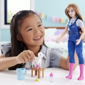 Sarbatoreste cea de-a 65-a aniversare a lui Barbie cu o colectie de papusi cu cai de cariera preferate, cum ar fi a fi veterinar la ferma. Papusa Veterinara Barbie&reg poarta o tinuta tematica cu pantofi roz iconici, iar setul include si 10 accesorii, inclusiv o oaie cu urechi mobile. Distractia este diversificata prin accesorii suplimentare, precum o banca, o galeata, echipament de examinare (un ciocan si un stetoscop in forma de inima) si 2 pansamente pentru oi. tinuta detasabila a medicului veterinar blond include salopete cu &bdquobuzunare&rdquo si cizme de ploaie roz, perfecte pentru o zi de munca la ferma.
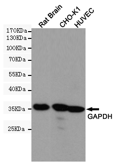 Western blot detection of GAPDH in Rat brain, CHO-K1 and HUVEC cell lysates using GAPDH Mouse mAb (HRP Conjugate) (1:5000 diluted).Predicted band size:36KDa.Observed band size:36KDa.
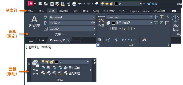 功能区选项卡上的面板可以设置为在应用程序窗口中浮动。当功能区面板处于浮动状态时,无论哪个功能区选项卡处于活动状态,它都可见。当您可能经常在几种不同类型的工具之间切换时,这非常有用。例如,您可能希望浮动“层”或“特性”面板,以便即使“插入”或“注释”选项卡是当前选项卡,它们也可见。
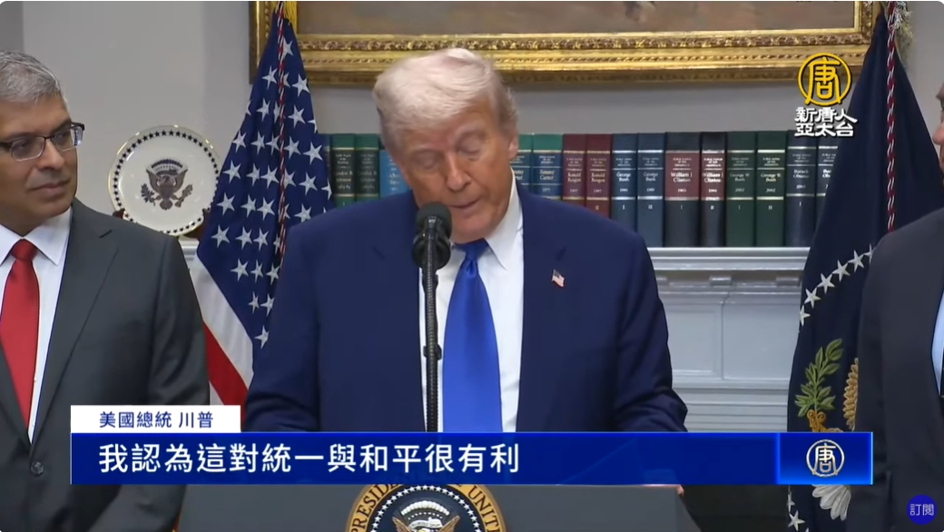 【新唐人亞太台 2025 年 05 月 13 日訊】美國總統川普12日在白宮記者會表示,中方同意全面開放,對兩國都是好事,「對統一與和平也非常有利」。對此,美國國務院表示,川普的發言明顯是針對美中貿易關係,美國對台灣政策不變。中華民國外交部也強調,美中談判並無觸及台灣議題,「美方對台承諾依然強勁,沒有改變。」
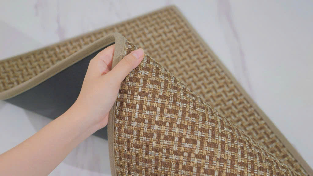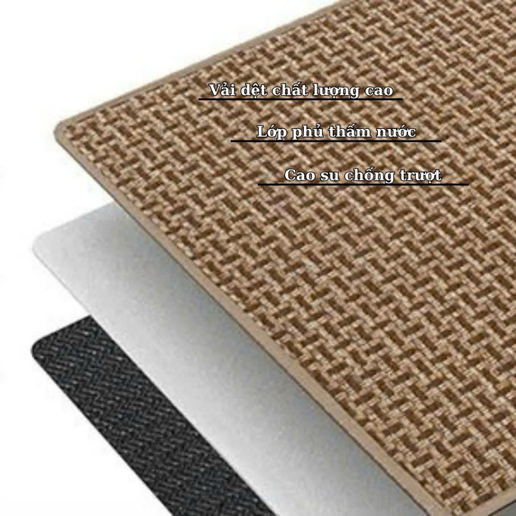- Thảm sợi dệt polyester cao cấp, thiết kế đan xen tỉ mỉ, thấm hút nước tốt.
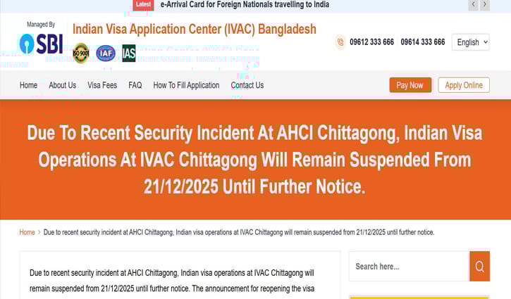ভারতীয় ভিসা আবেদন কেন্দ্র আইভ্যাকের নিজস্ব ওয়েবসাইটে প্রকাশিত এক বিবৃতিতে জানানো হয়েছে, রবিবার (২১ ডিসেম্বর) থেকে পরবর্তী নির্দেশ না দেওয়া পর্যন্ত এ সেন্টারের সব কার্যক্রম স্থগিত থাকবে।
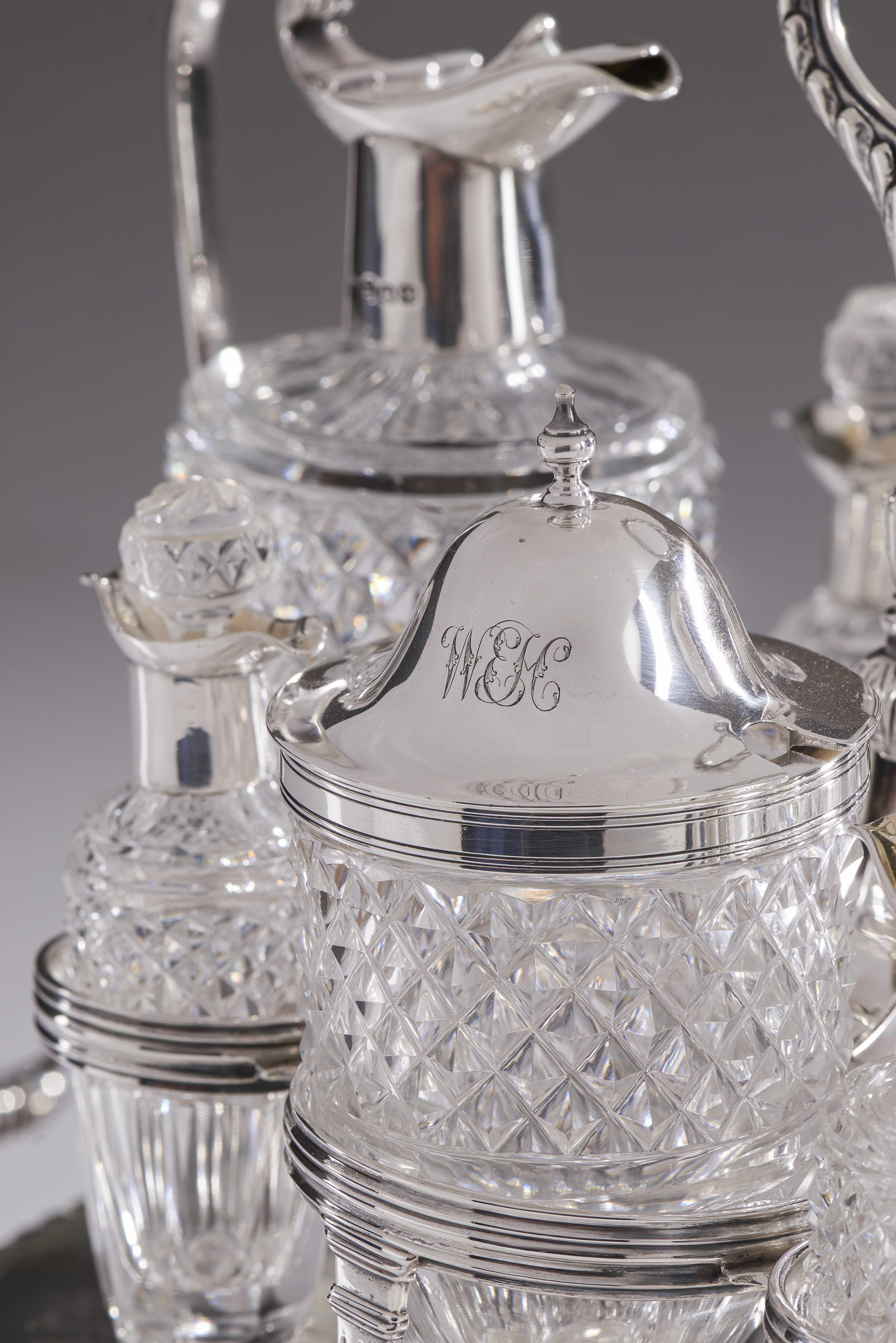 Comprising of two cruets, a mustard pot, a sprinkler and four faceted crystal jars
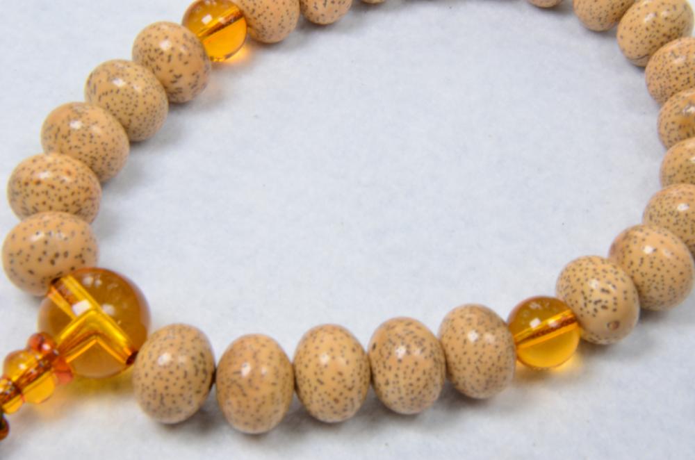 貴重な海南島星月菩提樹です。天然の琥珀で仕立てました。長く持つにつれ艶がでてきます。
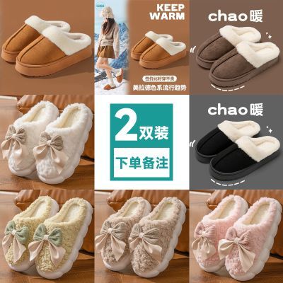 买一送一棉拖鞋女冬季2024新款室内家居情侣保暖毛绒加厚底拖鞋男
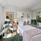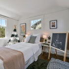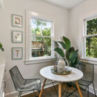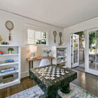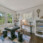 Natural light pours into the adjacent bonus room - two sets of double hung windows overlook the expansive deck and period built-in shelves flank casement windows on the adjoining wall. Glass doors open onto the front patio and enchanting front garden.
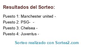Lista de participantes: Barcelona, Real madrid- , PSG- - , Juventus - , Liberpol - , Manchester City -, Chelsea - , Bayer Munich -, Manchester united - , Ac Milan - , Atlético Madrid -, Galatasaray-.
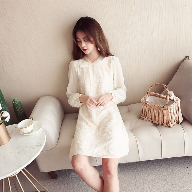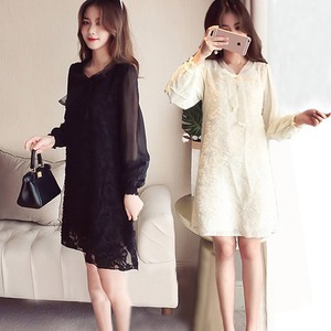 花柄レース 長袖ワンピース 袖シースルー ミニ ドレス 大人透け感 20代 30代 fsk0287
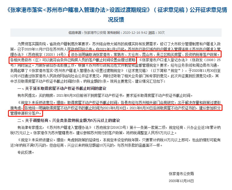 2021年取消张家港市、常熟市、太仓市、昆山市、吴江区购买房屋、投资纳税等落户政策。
####################
### AIM OF THE EXERCISE:
For the data above, set down exactly the lines from the line with "2025 年 05 月" to the line with "- Thảm sợi dệt", both included, leaving pictures out.

### OUTPUT FOR THIS TASK:
 【新唐人亞太台 2025 年 05 月 13 日訊】美國總統川普12日在白宮記者會表示,中方同意全面開放,對兩國都是好事,「對統一與和平也非常有利」。對此,美國國務院表示,川普的發言明顯是針對美中貿易關係,美國對台灣政策不變。中華民國外交部也強調,美中談判並無觸及台灣議題,「美方對台承諾依然強勁,沒有改變。」
- Thảm sợi dệt polyester cao cấp, thiết kế đan xen tỉ mỉ, thấm hút nước tốt.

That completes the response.